= Nachum Shifren =

American rabbi and surfer (born c. 1951)

Rabbi Nachum Shifren (Hebrew: נחום שיפרן; born c. 1951), also known as the "Surfing Rabbi," is an Orthodox Lubavitcher Chassidic rabbi, published author and surfer.

==Biography==

A native of southern California, Shifren grew up in the San Fernando Valley, where he learned to surf as a youth. He worked as a lifeguard in Malibu as a young man, a time in his life when he was not religious. It was there that he met his mentor, Baywatch rescue boat skipper, Tommy Zahn. Shifren credits Zahn with instilling in him an "ethos of toughness and hard work, as well as a passion for competitive paddle boarding." Schifren has since completed the 32 mile Catalina Classic Paddle board race three times. He began his path to religiosity when he met an Australian rabbi who liked to bodysurf and performed sacraments at the beach.

Shifren received a Bachelor of Arts degree from the University of California, Santa Barbara in Spanish and German Literature. He continued graduate studies in West Germany at the University of Göttingen. Shifren is fluent in English, Spanish, German, Hebrew, and Yiddish. He attended Toras Chayim Yeshiva in Jerusalem and Yeshivat Tomchei Tmimim in Kfar Chabad, Israel, where in 1990 he was ordained to the rabbinate.

When he returned to the United States, Shifren worked as a teacher in the Los Angeles Unified School District where he taught Spanish language and literature.

Numerous print and broadcast media have done stories about Shifren and his "Surfing Rabbi" persona. He founded Jewish Surfers International and the Surf & Soul newsletter. He frequently uses surfing imagery to make religious points. "There's no way a skier can get the same connection with the Creator," Shifren told Salon in 1999. "The ocean is the first act of creation, while snow is not an act of creation. Skiers don't have the mountain chasing them, but the mountain of a wave chases surfers. They struggle against currents as they ride waves that have been around since time immemorial."

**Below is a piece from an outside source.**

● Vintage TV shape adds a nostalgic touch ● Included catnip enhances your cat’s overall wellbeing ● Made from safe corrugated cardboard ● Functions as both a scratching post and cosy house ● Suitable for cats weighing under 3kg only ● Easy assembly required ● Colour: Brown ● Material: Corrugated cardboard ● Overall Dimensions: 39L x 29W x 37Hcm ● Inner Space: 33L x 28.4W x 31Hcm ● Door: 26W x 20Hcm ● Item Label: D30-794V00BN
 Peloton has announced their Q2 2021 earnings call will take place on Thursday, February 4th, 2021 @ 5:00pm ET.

He leads annual "Kosher Surf Camp" trips to Costa Rica. He has written two books, Surfing Rabbi: A Kabbalistic Quest for Soul and Surfers Who Don't Surf.

==Politics==
Rabbi Shifren has had links to groups in Europe such as the English Defence League (EDL), and has been described as a counter-jihadist. He traveled to England in December 2010 to support an EDL demonstration, which protested against Islamic fundamentalism.

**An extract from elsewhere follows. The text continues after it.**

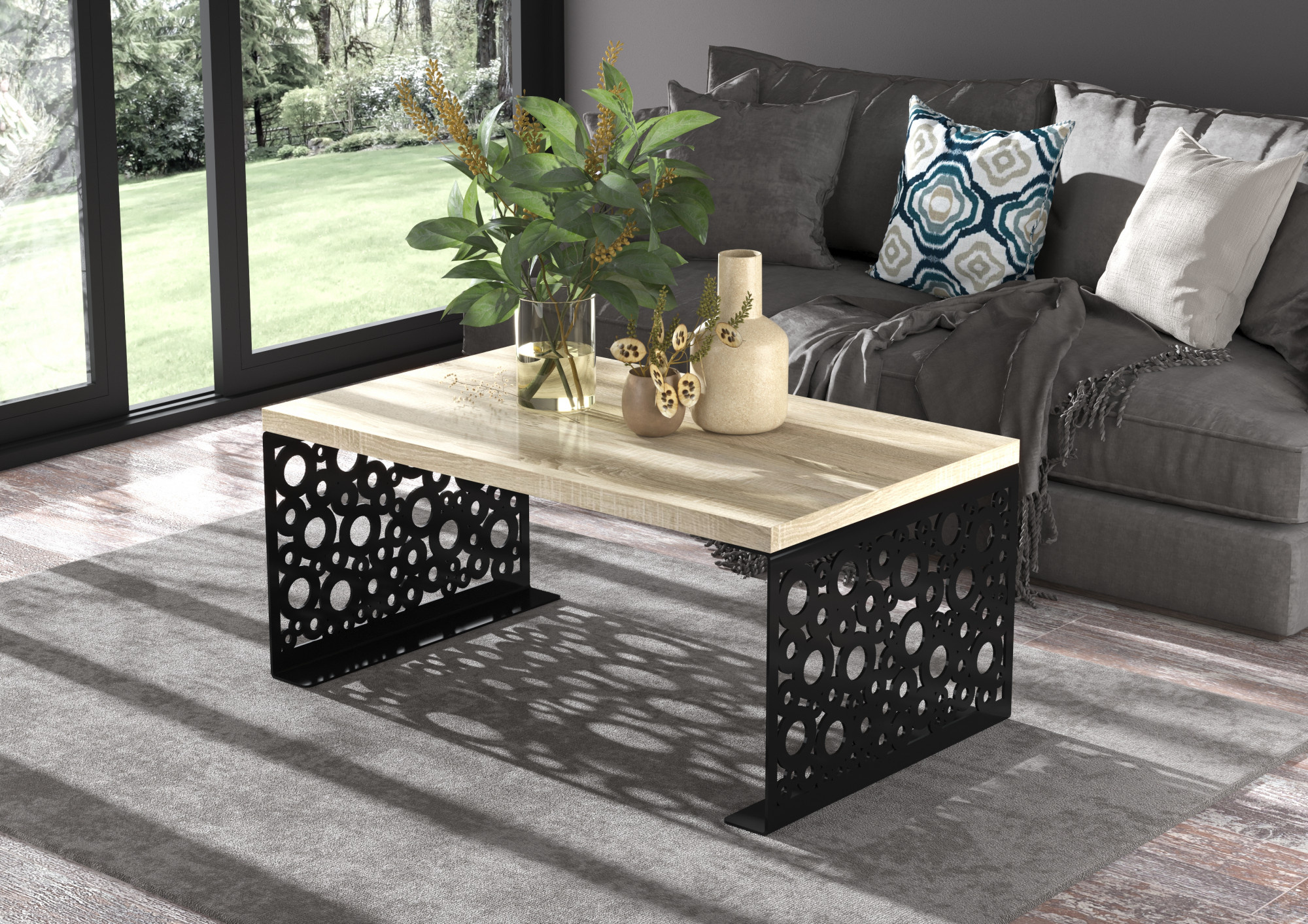 Konferenční stolek RINA 100x60 Černý+Sonoma

In October 2010, he traveled to England to speak at an EDL rally. In his speech, he said that "[h]istory will be recorded that on this day, read by our children for eternity, one group lit the spark to liberate us from the oppressors of our two governments and the leftist, fifth column, quisling press, and that it was the EDL which started the liberation of England from evil."

Also in 2010, Shifren penned an article that referred to student protesters as "the front line of an army of Muslims that is waiting patiently to take over and subvert our country," called the students "terrorists-in-training" and announced, "we are at war with radical Islam."

In November 2017, following an incident in which right-wing protesters were blocked from entering Chicano Park by community activists, Shifren spoke at a San Diego City Council meeting, accusing the city council of ignoring the protesters' statements because they were white.

In March 1993, Shifren created turmoil at a conference of rabbis attended by Rev. Jesse Jackson. Shifren shouted out to Jackson, "If you were white, you would be considered a Nazi!", in reference to comments the Reverend delivered which had been considered by members of the Jewish community to be antisemitic. It then took five rabbis to remove Shifren from the convention.